Abstract
Urban traffic congestion increases pollution, fuel consumption, and travel time, highlighting the limitations of traditional signal systems that rely on outdated schedules and insufficient sensors. This study proposes the Dynamic Traffic Adaptive Signal Optimization (DTASO) method, which leverages multi-source data fusion to dynamically adjust signal timings based on real-time traffic data from cameras, sensors, and historical trends. Powered by Adaptive Decentralized Deep Reinforcement Learning (ADDRL), DTASO improves traffic flow and system performance by continuously learning and adapting to changing traffic patterns. Experimental results demonstrate that DTASO outperforms conventional signal optimization approaches in reducing congestion and enhancing traffic efficiency, offering a scalable and intelligent solution for urban traffic management.
Keywords
Introduction
With the acceleration of urbanization, traffic congestion1,2 has become a key issue affecting residents’ travel efficiency and urban sustainable development. Traditional traffic signal systems3,4 rely on fixed timing and simple sensors, which are difficult to cope with complex and changing traffic flow patterns, resulting in low traffic efficiency, increased delays and increased environmental pollution. Therefore, it is urgent to introduce intelligent and adaptive traffic signal control methods to improve the responsiveness and operating efficiency of traffic systems.5,6 In recent years, the development of artificial intelligence2,7 and data fusion technology has provided new solutions for traffic management, making it possible to dynamically optimize signal timing based on multi-source data.
This study proposes a DTASO based on the ADDRL framework, which integrates cameras, sensors, GPS and historical traffic data to achieve real-time perception of urban traffic flow8,9 and signal control strategy optimization. This method adopts a decentralized deep reinforcement learning (DRL) architecture, which enables each intersection to have autonomous decision-making capabilities and can coordinately adjust signal timing, significantly improving traffic flow and reducing vehicle delays. Compared with traditional methods, DTASO shows obvious advantages in system performance, scalability and environmental friendliness, and represents a new direction for intelligent traffic signal control.
Literature survey
In recent years, with the development of artificial intelligence and data fusion technology, traffic signal control has gradually evolved towards intelligence and adaptability. In existing studies, federated learning combined with reinforcement learning has been used for coordinated control of traffic signals at multiple intersections.10,11 The global performance is improved by aggregating local models in the cloud, but it relies on communication infrastructure and has limited convergence speed. In addition, neural network-based methods12,13 such as GRA-BPNN, Hybrid LSTM and CNN-LSTM have also been widely used in traffic flow prediction and signal optimization. Although they perform well in spatiotemporal feature extraction, they are difficult to cope with dynamic traffic changes14,15 and have scalability bottlenecks. In contrast, MPLight adopts a modular DRL framework and has demonstrated better traffic efficiency than traditional timing control in tests at multiple urban intersections.

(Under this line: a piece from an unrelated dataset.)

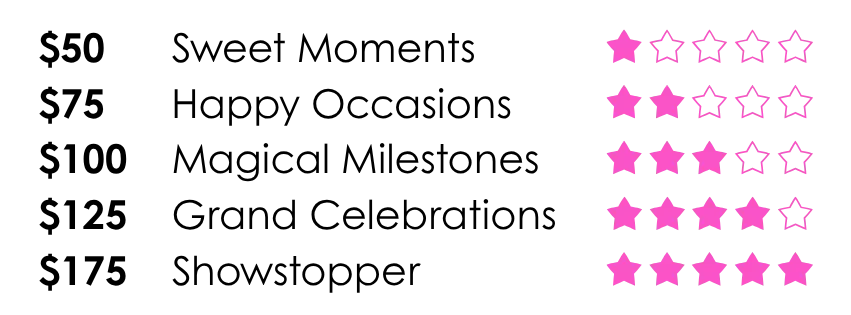 Each of our décor styles or balloon options comes with five tier pricing choices.

The DTASO algorithm proposed in this study is based on the ADDRL framework and integrates camera, sensor, GPS and vehicle network data to achieve decentralized real-time signal timing optimization. This method not only overcomes the scalability problem of centralized control systems, but also improves state perception accuracy and system robustness through multi-source data fusion. Experimental results show that DTASO outperforms existing mainstream models in key indicators such as average travel time, traffic volume, and congestion frequency, demonstrating stronger dynamic adaptability and system stability. This work continues and expands the current research paradigm of traffic signal optimization, providing a more practical technical path for future intelligent transportation systems.
Research methodology
Dynamic traffic adaptive signal optimization (DTASO) algorithm
The DTASO algorithm based on a multi-source data fusion model consists of a traffic analysis and prediction, signal timing adjustment based on ADDRL prediction and dynamic signal control and optimization, the architecture shown in Figure 1.

Proposed DTASO algorithm based traffic signal optimization.
The DTASO algorithm works based on the fusion of real-time traffic data to change signal timings dynamically. It uses advanced data fusion algorithms to combine inputs from several sources, including cameras, sensors, and historical patterns. The algorithm adjusts signal timings for shifting traffic conditions by continuously analyzing and predicting traffic patterns using ADDRL techniques. The program can optimize signal schedules through reinforcement learning for better traffic flow.
Multi-source data fusion model
Data sources
The CV Pilot data now available to the public via ITS DataHub includes Essential Safety Messages (BSM) and Traveller Information Messages (TIM) with Signal Phase and Timing (SPaT) information. Designated short-range communications are used to send these signals (DSRC). With permission, users can access more restricted access datasets from the CV Pilots on Private Data Commons.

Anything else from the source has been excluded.